The full listing, copied exactly and free of pictures, is the expected reply.
-------- Dataset content --------
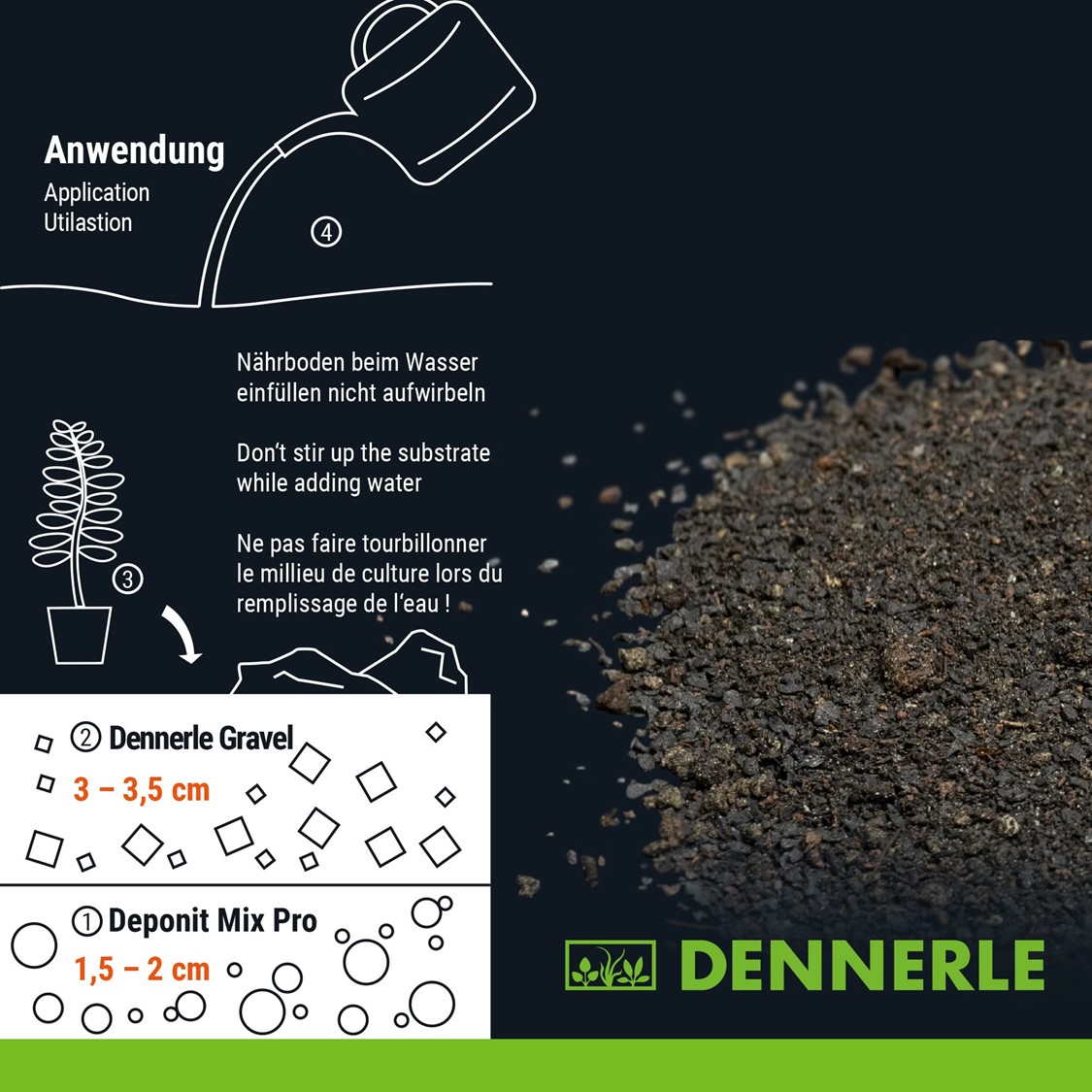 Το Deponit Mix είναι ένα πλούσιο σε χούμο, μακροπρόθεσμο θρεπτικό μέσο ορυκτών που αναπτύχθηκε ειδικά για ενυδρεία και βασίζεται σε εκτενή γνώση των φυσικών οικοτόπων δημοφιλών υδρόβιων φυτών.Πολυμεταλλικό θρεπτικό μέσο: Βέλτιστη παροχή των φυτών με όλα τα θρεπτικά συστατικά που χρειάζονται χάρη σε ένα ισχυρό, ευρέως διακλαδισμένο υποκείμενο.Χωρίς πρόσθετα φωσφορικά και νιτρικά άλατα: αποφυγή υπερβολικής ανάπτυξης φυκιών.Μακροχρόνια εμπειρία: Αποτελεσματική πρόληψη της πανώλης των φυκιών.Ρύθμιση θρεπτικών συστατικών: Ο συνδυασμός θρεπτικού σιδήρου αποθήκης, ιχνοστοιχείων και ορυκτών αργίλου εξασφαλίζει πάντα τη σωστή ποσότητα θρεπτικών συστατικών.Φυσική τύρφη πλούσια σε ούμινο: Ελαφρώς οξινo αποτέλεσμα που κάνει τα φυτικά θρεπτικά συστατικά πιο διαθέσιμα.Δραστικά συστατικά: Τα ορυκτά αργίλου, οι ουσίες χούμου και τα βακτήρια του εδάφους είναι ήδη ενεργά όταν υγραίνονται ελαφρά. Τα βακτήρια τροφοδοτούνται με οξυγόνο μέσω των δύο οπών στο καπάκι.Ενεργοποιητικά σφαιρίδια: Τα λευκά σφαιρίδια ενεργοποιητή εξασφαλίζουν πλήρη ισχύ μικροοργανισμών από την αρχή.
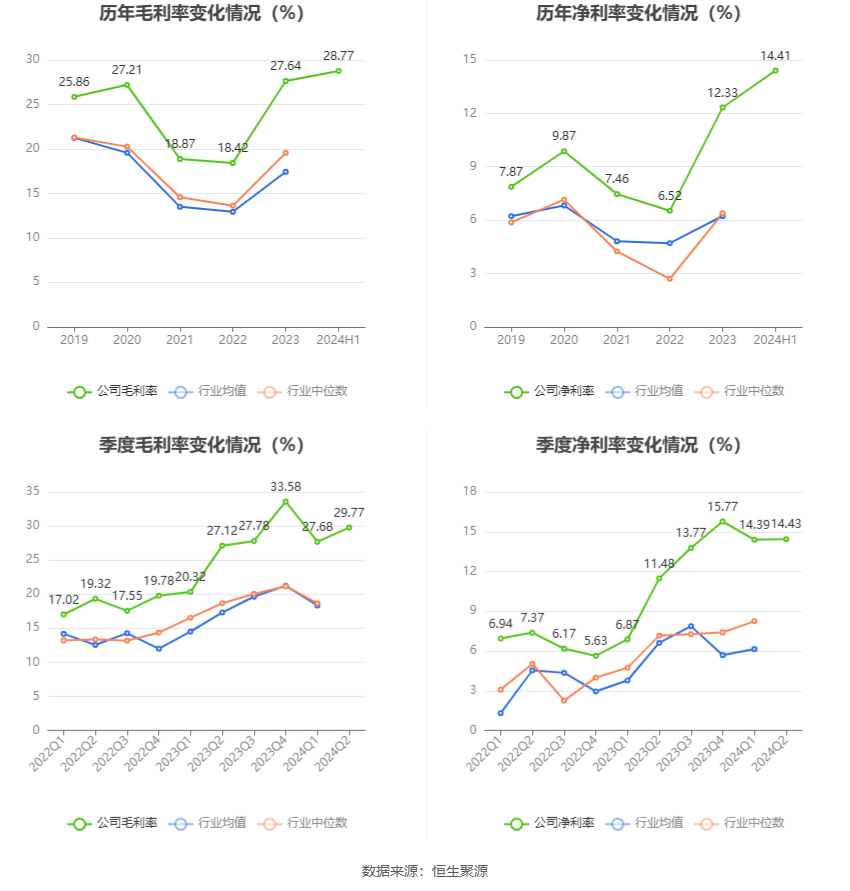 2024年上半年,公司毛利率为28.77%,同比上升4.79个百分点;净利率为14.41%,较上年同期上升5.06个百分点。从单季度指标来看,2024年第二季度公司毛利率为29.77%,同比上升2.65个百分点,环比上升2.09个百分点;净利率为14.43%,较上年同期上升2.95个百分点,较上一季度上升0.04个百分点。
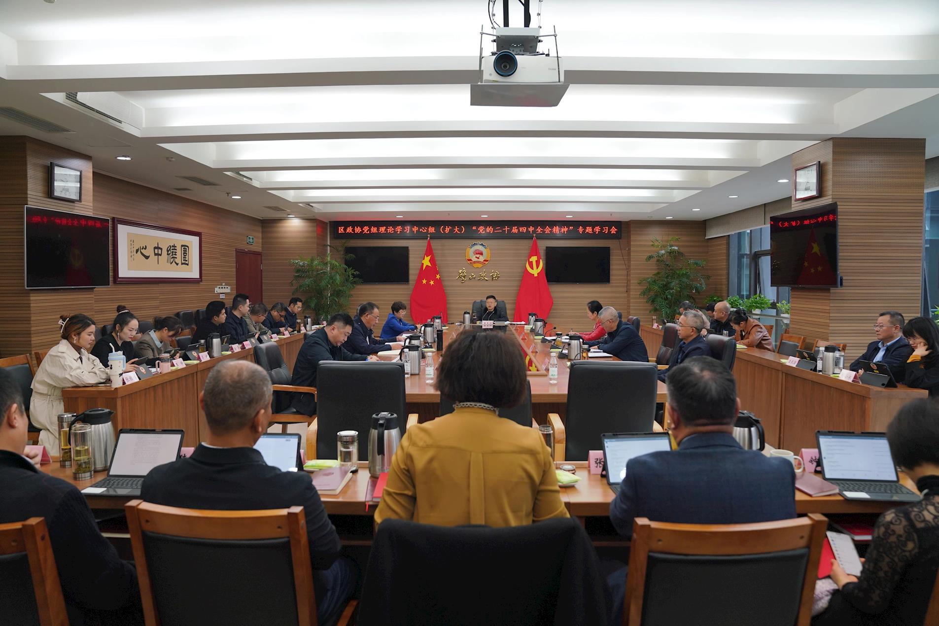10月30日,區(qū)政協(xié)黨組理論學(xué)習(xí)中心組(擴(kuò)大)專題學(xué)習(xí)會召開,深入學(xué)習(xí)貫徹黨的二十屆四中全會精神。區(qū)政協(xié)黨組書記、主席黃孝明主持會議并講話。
--------
### Result for this exercise
 Το Deponit Mix είναι ένα πλούσιο σε χούμο, μακροπρόθεσμο θρεπτικό μέσο ορυκτών που αναπτύχθηκε ειδικά για ενυδρεία και βασίζεται σε εκτενή γνώση των φυσικών οικοτόπων δημοφιλών υδρόβιων φυτών.Πολυμεταλλικό θρεπτικό μέσο: Βέλτιστη παροχή των φυτών με όλα τα θρεπτικά συστατικά που χρειάζονται χάρη σε ένα ισχυρό, ευρέως διακλαδισμένο υποκείμενο.Χωρίς πρόσθετα φωσφορικά και νιτρικά άλατα: αποφυγή υπερβολικής ανάπτυξης φυκιών.Μακροχρόνια εμπειρία: Αποτελεσματική πρόληψη της πανώλης των φυκιών.Ρύθμιση θρεπτικών συστατικών: Ο συνδυασμός θρεπτικού σιδήρου αποθήκης, ιχνοστοιχείων και ορυκτών αργίλου εξασφαλίζει πάντα τη σωστή ποσότητα θρεπτικών συστατικών.Φυσική τύρφη πλούσια σε ούμινο: Ελαφρώς οξινo αποτέλεσμα που κάνει τα φυτικά θρεπτικά συστατικά πιο διαθέσιμα.Δραστικά συστατικά: Τα ορυκτά αργίλου, οι ουσίες χούμου και τα βακτήρια του εδάφους είναι ήδη ενεργά όταν υγραίνονται ελαφρά. Τα βακτήρια τροφοδοτούνται με οξυγόνο μέσω των δύο οπών στο καπάκι.Ενεργοποιητικά σφαιρίδια: Τα λευκά σφαιρίδια ενεργοποιητή εξασφαλίζουν πλήρη ισχύ μικροοργανισμών από την αρχή.
 2024年上半年,公司毛利率为28.77%,同比上升4.79个百分点;净利率为14.41%,较上年同期上升5.06个百分点。从单季度指标来看,2024年第二季度公司毛利率为29.77%,同比上升2.65个百分点,环比上升2.09个百分点;净利率为14.43%,较上年同期上升2.95个百分点,较上一季度上升0.04个百分点。
10月30日,區(qū)政協(xié)黨組理論學(xué)習(xí)中心組(擴(kuò)大)專題學(xué)習(xí)會召開,深入學(xué)習(xí)貫徹黨的二十屆四中全會精神。區(qū)政協(xié)黨組書記、主席黃孝明主持會議并講話。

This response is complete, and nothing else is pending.